I put an ascending index on AdjustDetailId column
I then ran the query with 'Show Actual Execution Plan' and the result estimated subtree cost(off of the topmost select node) was 2.07
I then thought, maybe I can do something to improve this so I added a conditional to the left join like so:
select d.InvoiceDetailId,a.Fee,a.FeeTax
from InvoiceDetail d
LEFT JOIN InvoiceDetail a on a.AdjustDetailId is not null
and a.AdjustDetailId = d.InvoiceDetailId
I re-ran and I got a subtree cost of .98. So I thought, great I made it twice as fast. Well I then clicked show client statistics and then clicked execute 4-5 times with both queries and believe it or not the first query averaged out to be faster. I don't get it. By the way the query returns 120K rows.
Any insight?
Maybe i get tainted results because of caching, but I don't know if that is the case or how to reset the caching.
EDIT:
Okay I googled how to clear query cache so I added the following before the queries:
DBCC DROPCLEANBUFFERS
DBCC FREEPROCCACHE
I then ran each query 5 times and the first query was still a little faster(13%).
1st Query: Client Processing time: 239.4
2nd Query: Client Processing time: 290
So I guess the question is, why do you think so? Could it be when the table quadruples in size that the second query will be faster? Or the left join is causing the query to hit the index twice so it will always be slower.
Please don't flame me, I'm just trying to get educated.
EDIT # 2:
I need to get all the InvoiceDetails, not just the adjusted ones hence the left join.
EDIT # 3:
The real problem I'm trying to solve with the query is to sum up all of the InvoiceDetail rows but at the same time adjust them as well. So ultimately it seems that the best query to perform is the following.
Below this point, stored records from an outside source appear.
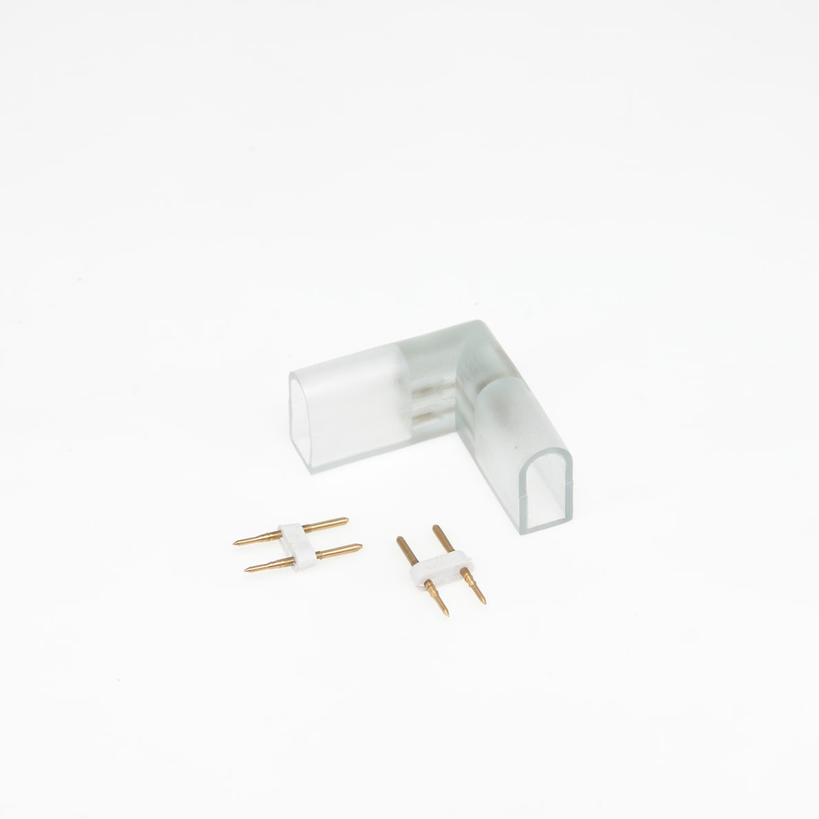 Соединитель угловой для одноцветного неона 0616 LN50. Расстояние между жилами 7мм. Размер 39x39x20мм. Вес 12г.
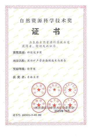 近日,自然资源部发布《2022年度自然资源科学技术奖获奖成果公告》,我校作为第二单位完成的“深部矿产资源勘探技术与装备”成果获自然资源科学技术奖特等奖,yl23455永利集团张晓培教授、牛建军教授分别为第二完成人和第七完成人,中国地质科学院矿产资源研究所为成果牵头单位。
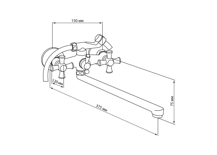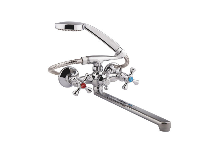 Змішувач для ванни Cosh (CRM)/S- 21-143B з довгим поворотним виливом виготовлений з тримачем ручного душу та лійкою. Для вмикання подачі води передбачено два вентилі с маркуванням Х+Г води. Настінний монтаж змішувача здійснюється над ванною за допомогою кріпильних елементів з комплекту. Круглі хромовані розетки приховають похибки установки на обробці ванної кімнати. Перемикання на ручний душ виконується поворотним дивертером.
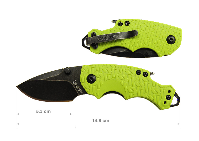 ※原廠提供參考數據 品名:Kershaw Shuffle 折刀 型號:#8700LIMEBW 綠柄、#8700TEALBW 藍柄、#8700PURBW 紫柄 線鎖(liner lock) 鋼材:8Cr13MoV,石洗處理 握把材: 強化樹脂尼龍 刀刃長:5.3cm( ±5﹪) 折合長:8.3cm( ±5﹪) 全長:14.6cm( ±5﹪) 重量:81g( ±5﹪) ※未滿18歲 兒童及少年,請勿購買刀械。
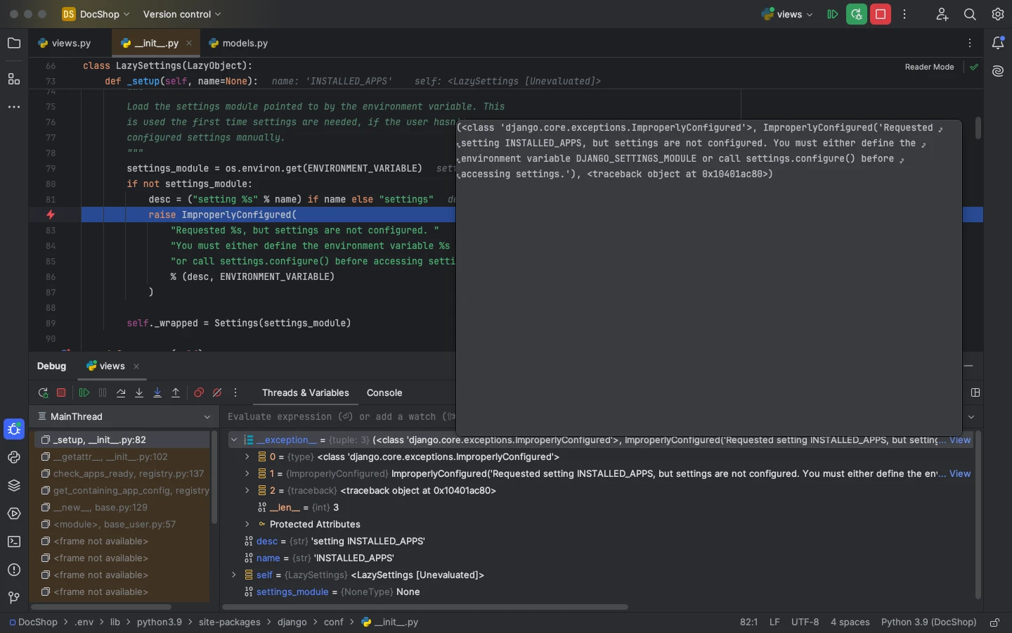 Le debug que vous avez envoyé en capture d'écran ne semble pas avoir été fait de la bonne façon non plus car Django est seulement mal configuré.

I thought doing a join then adding the joined in table would be the only way but it seems that grouping by a conditional solves the problem most elegantly.
SELECT CASE WHEN AdjustDetailId IS NULL THEN InvoiceDetailId ELSE AdjustDetailId END AS InvoiceDetailId
,SUM(Fee + FeeTax) AS Fee
FROM dbo.InvoiceDetail d
GROUP BY CASE WHEN AdjustDetailId IS NULL THEN InvoiceDetailId ELSE AdjustDetailId END
Example: With the following rows
InvoiceDetailId|Fee|FeeTax|AdjustDetailId
1|300|0|NULL
2|-100|0|1
3|-50|0|1
4|250|0|NULL
My desire was to get the following:
InvoiceDetailId|Fee
1|150
4|250
Thanks everybody for your input.

If you want to make that query really fast, you need to
turn the LEFT JOIN into an INNER JOIN
make sure the InvoiceDetail.AdjustDetailId and InvoiceDetail.InvoiceDetailId are indexed
SELECT
d.InvoiceDetailId, a.Fee, a.FeeTax
FROM
dbo.InvoiceDetail d
INNER JOIN
dbo.InvoiceDetail a ON a.AdjustDetailId = d.InvoiceDetailId
Next, you need to make sure your statistics are up to date, so that the cost-based query optimizer can work properly.
In order to update the statistics, use the UPDATE STATISTICS (table) command - see the MSDN docs on UPDATE STATISTICS here

I would have guessed that they would be the same, (with the same execution plan) since it is impossible for a predicate like a.AdjustDetailId = d.InvoiceDetailId to be true if one side is null... So adding the Is Not Null condition is redundant. But maybe the processor is executing additional unnecessary steps with that additional predicate in there...
But what the other answer mentions is more important. Do you really need to output all the rows where there is no matching record (Invoices without a Adjusting Invoice) ?? If not change it to an Inner join and it will speed up a lot.
if you really need them, however, You might try a Union
Select d.InvoiceDetailId,a.Fee,a.FeeTax
From InvoiceDetail d
Join InvoiceDetail a
On a.AdjustDetailId = d.InvoiceDetailId
Union
Select InvoiceDetailId, null, null
from InvoiceDetail
Where AdjustDetailId Is Null
Which does the same thing without using an outer join...
(It is problematic as to whether two queries with a union will run faster than the single outer join query... )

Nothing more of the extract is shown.